Supply chain attack can happen. A hacker may not be able to get to the website, but a malicious FTP redirect can cause someone to download a file they think is correct, but was actually downloaded from the wrong site.

This was done with code repositories, a hacker may not be able to duplicate the website, but they may be able to redirect the upload/download to steal code. I think it was the case in the Kaseya (or was it Java, I forget) hack. Malicious actors were able to redirect downloads to push a false update. If someone took the time to look at the webpage, that hash would be different than the code they downloaded. Of course that would take a manual update and not automatic.

Anonymous 0 Comments

Checksums don’t protect you from a malicious website host, they protect you from people who hack the website host, or from transmission errors. I have a file that I want to share. I want to make sure everyone who downloads it can verify that they got the same file I put up there – no corruption on the download, not been replaced with some virus-laden copy by a bad actor.

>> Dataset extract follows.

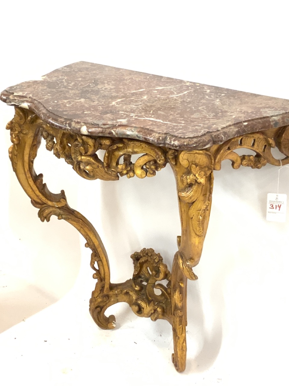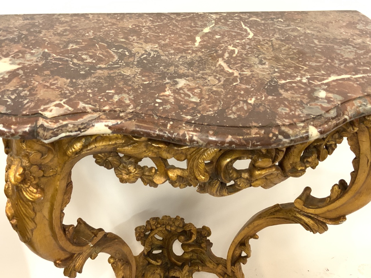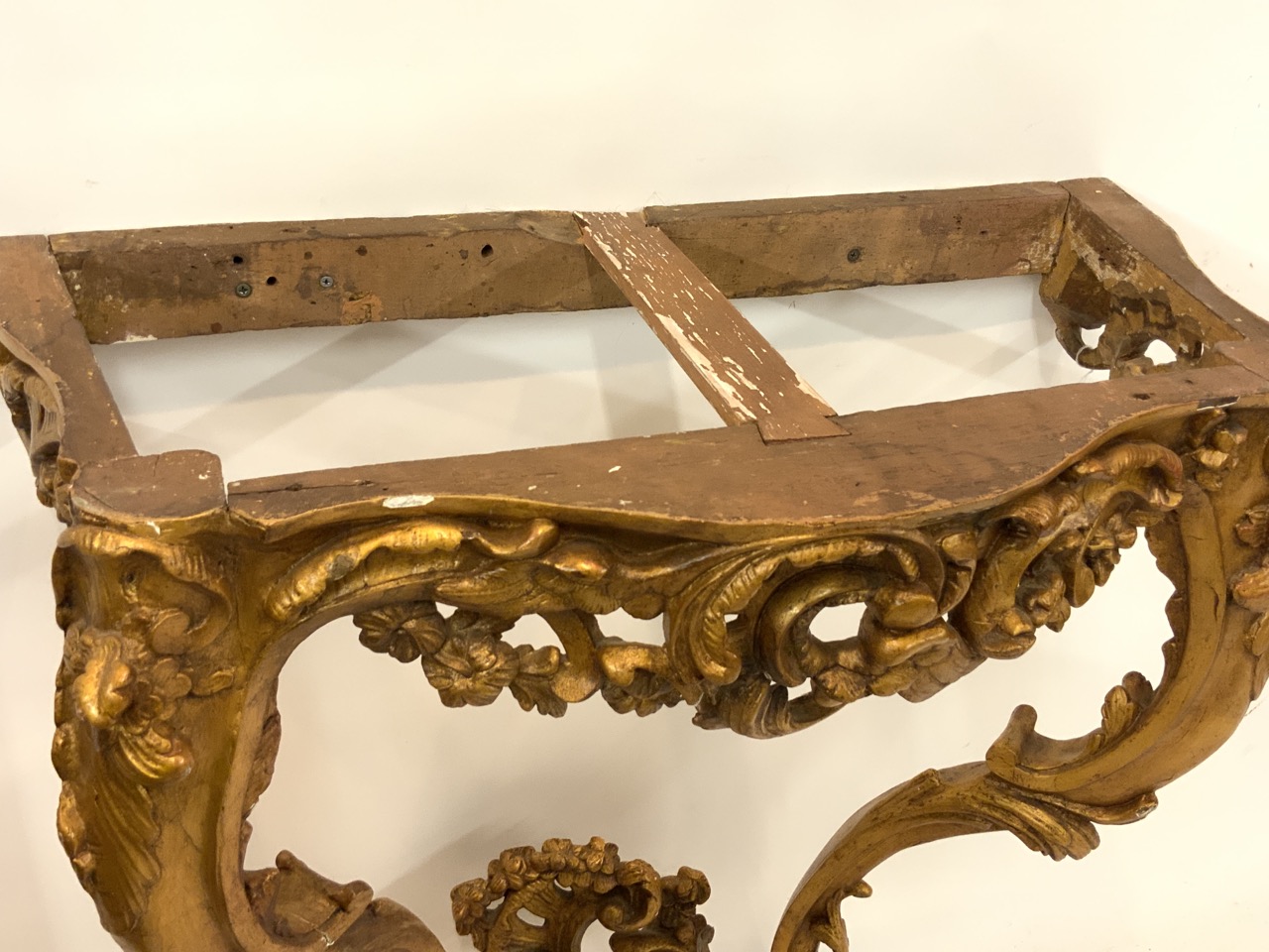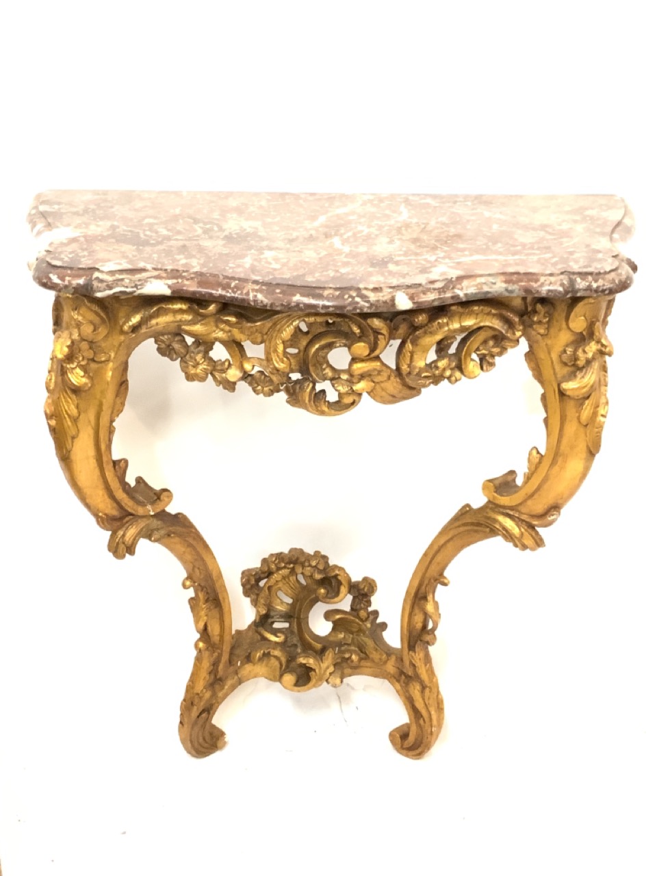 A fine Italian Rococo styel gilt wood hall table with marble top. Some repairs to work noted consistent with age. Table mounts into the wall. This table is not made to stand on its own.

So I take the file, and run a program that reads through and creates a number – the checksum – from the bytes of my file. I post the checksum next to the download, so that someone can download the file, run it through the same program, and make sure they get the same number out. If their program gives the same checksum as what I posted, they can feel confident that they have the same file that they’re supposed to have.

For a super simple example of how the checksum part works, let’s use a very short text file and a very simple checksum algorithm. We’ll add all the bytes and look at the last digit of that sum.

File: `74 68 69 73 20 69 73 20 61 20 74 65 73 74`, Checksum: 3

If you sum all those numbers, you get 833. So the Checksum is 3. If someone downloads the file from my site and their program adds the bytes and it ends in 4, then _something_ went wrong.

Checksums get more complicated, of course, that math is far too simple to use for important stuff, but it’s all basically the same regardless of exactly how you calculate them.

Anonymous 0 Comments

You’re asking how to secure trust in a zero trust environment, and I don’t know how to ELI5 it.

You trust someone. And that someone provides you with the checksum of the file. So now you’re able to use that checksum to verify your trust in a file shared by anyone else.

If you don’t trust the person offering the checksum, then all it does is confirm that you got the same version as they had. No download glitch. No technical errors when sending the file to you. But still not a file you can clearly trust.

Anonymous 0 Comments

chekcsum checks for errors during file transfer. unfortunately, every once in a while there is a bitflip during a packet transfer. now, each packet has its own checksum but with a teeny tiny probability an error is large enough to remain undetected. This is why especially for big files, you also get a checksum.

Finally, you can use checksums to ensure that we got the right file. e.g. some install scripts have parts that work like “first download this file and before we try to do anything with it, we check its checksum with the value that we got from the file that worked during my own test”. In that case the checksum is embedded in the install script.